判断力というのは、ルールを基にそれが今のケースに適用され得るか否か、を判断する力である。どんなに偉大なルールがあっても、それを使うのは最終的に人間にゆだねられる。この判断力というのはくせ者で、なかなか後天的に鍛えることが出来ない。判断力の項は三章に分かれる。ひとつめは純粋悟性概念の図式について、ふたつめは純粋悟性のすべての原則、そして三つ目が悟性仕様の限界についてである。
一般に、純粋悟性は概念はいかなる直感からも見いだされることはない。たとえば「りんご」という単語を目にすると、私たちは丸く赤いあの果実を連想する。そしてそれが「果物」とか「食べ物」のジャンルにあてはまることが分かる。しかし、りんごから量や質、関係などの純粋悟性概念へ飛ぶことはありえない。それでも私たちは概念を通じてものごとを認識する。図式を用いて。
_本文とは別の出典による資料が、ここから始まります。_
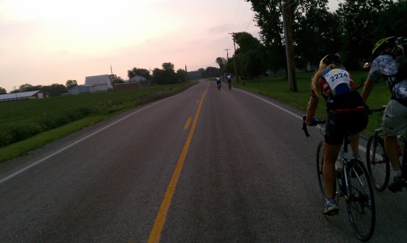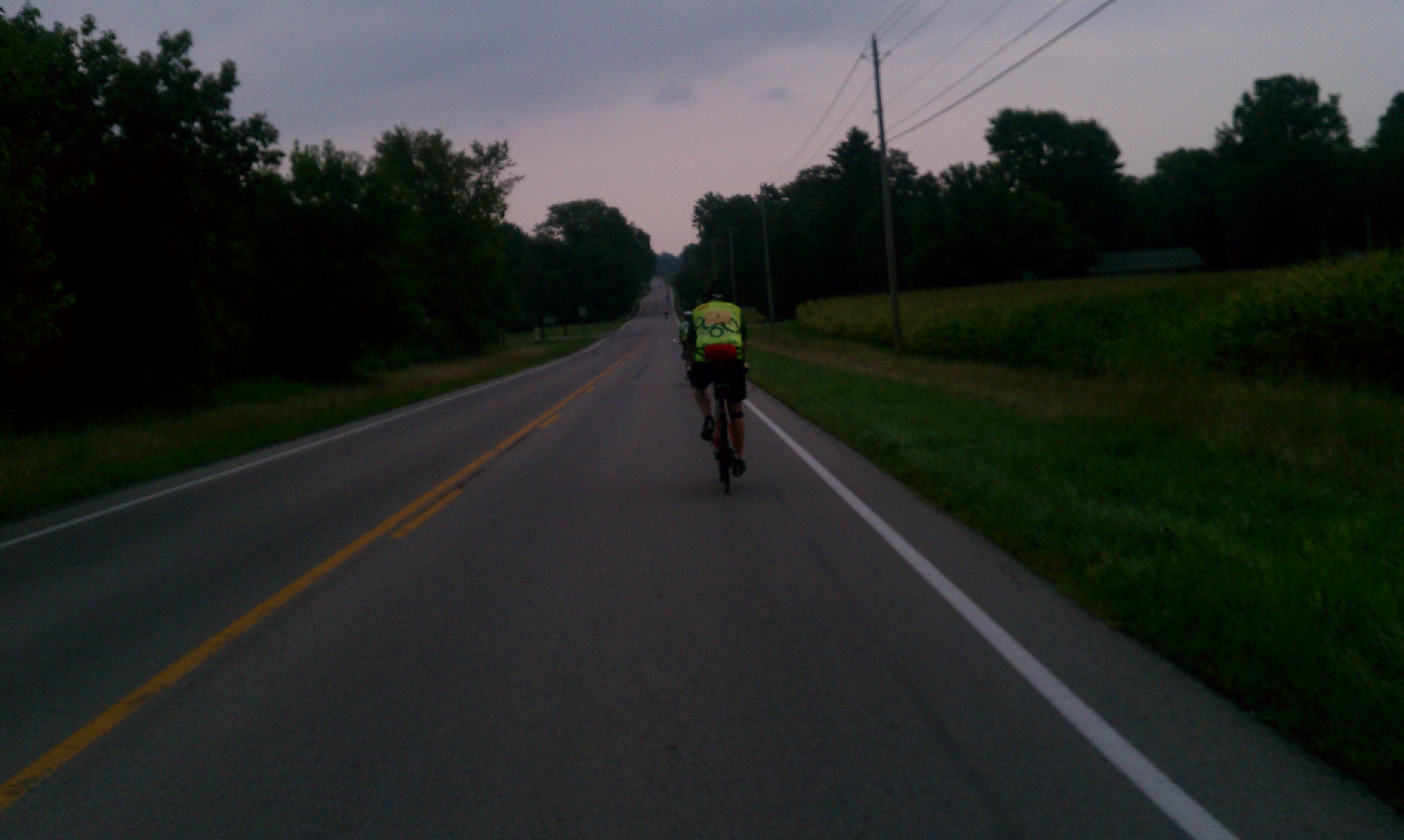 I proceeded to ride through many roads extremely familiar to me, even going by houses of friends from high school as we cut across Lagrange, Ohio, my hometown for a number of years. During this section, I got caught up in a friendly pace group and was making great time. I lost them at the lunch stop because I continued to the next rest stop where my crew was waiting for me again.

図式とは単なる絵ではない。それを絵として表現した途端、それは図式ではなくなる。図式はわれわれの頭の中で展開される時間空間である。壁掛け時計がうちつけられた、広さ無限の部屋だ。ここでは何をやっても構わない。全てが自由だ。
つまりこの先験的時間規定が、悟性概念の図式として、現象をカテゴリーのもとに包摂する媒介的な役目をするわけである。
さきほど広さが無限と書いたが、重要なのは空間ではなく時間のほうだ。図式は時間の経過や総量や関係によってもろもろが決まる。
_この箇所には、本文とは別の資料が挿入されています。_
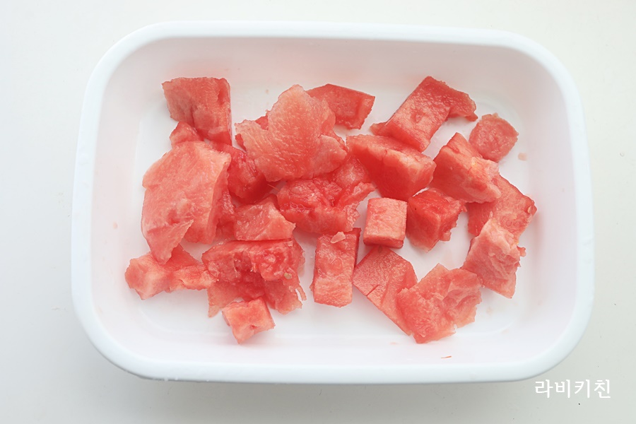 그래서 수박 씨는 빼고 수박 과육을 가지고 만들어 주기로 했어요.가끔 수박씨가 보였거든요.
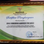 Way Kanan, etalaseinfo.com (SMSI) – Ata kepedulian terhadap pembayaran zakat infak dan sodaqoh, Dinas Perkebunan Kabupaten Way Kanan menerima Penghargaan Dari BAZNAS
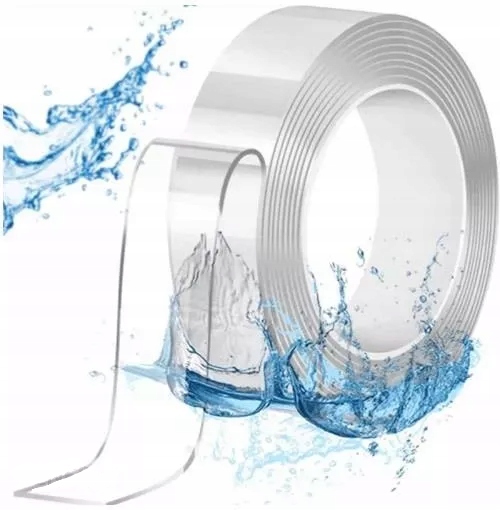 Taśma nano, dzięki wykonaniu z gumy akrylowej i mocnego żelu jest wodoodporna, dlatego możemy ją zdjąć z przyklejonego przedmiotu, przepłukać w wodzie i użyć ponownie. Ta dwustronna taśma, dzięki swojej odporności na wodę może być przyklejona również na mokrej ścianie w łazience, a także w kuchni.

腕時計をちらと見た。文字盤はそれらしい時刻を指していた。あちらの方から大彗星ショッカー (id:noabooon)さんが姿を表した。せっかく渋谷に来たのだからと、いろいろと話すことにしていたのだ。彼は黒っぽいサングラスと黒っぽい服を身につけていた。写真で見ていた印象とは少し違った。でもだいたいあっていた。これから先の人生、普通に生きていればこのような人と出会うことはまずないだろう。そんなことを思った。悪い意味ではない。
いくつか質問をした。はてなブログを始めた経緯や今の占いの仕事について。なぜ東京に来たのかを説明すると、「自分探しの旅ですね」と言われた。確かに自分を探していた。せっかくなのでタロットでいろいろと占ってもらった。占い以前に、自分を誰かに客観的に評価されるのは久しぶりだった。アドバイスを頂くと、なるほどな、なるほどな、なるほどなるほどなるほどな、と思った。
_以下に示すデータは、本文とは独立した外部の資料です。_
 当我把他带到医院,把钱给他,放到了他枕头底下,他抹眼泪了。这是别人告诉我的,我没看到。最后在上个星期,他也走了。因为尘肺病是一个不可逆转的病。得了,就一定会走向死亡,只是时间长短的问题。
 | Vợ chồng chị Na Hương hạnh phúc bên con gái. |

今まで、答えは全て自分の中にあると信じていた。そしていまでも信じている。しかし、答えを引き出しくれるのはたいがいは他人だ。自己が抱えている想いを具体化してくれるのは他人だ。それに気づくまで二十五年かかってしまった。もっと人に会おう。たくさん話をしよう。この世界はわくわくで満ちあふれている。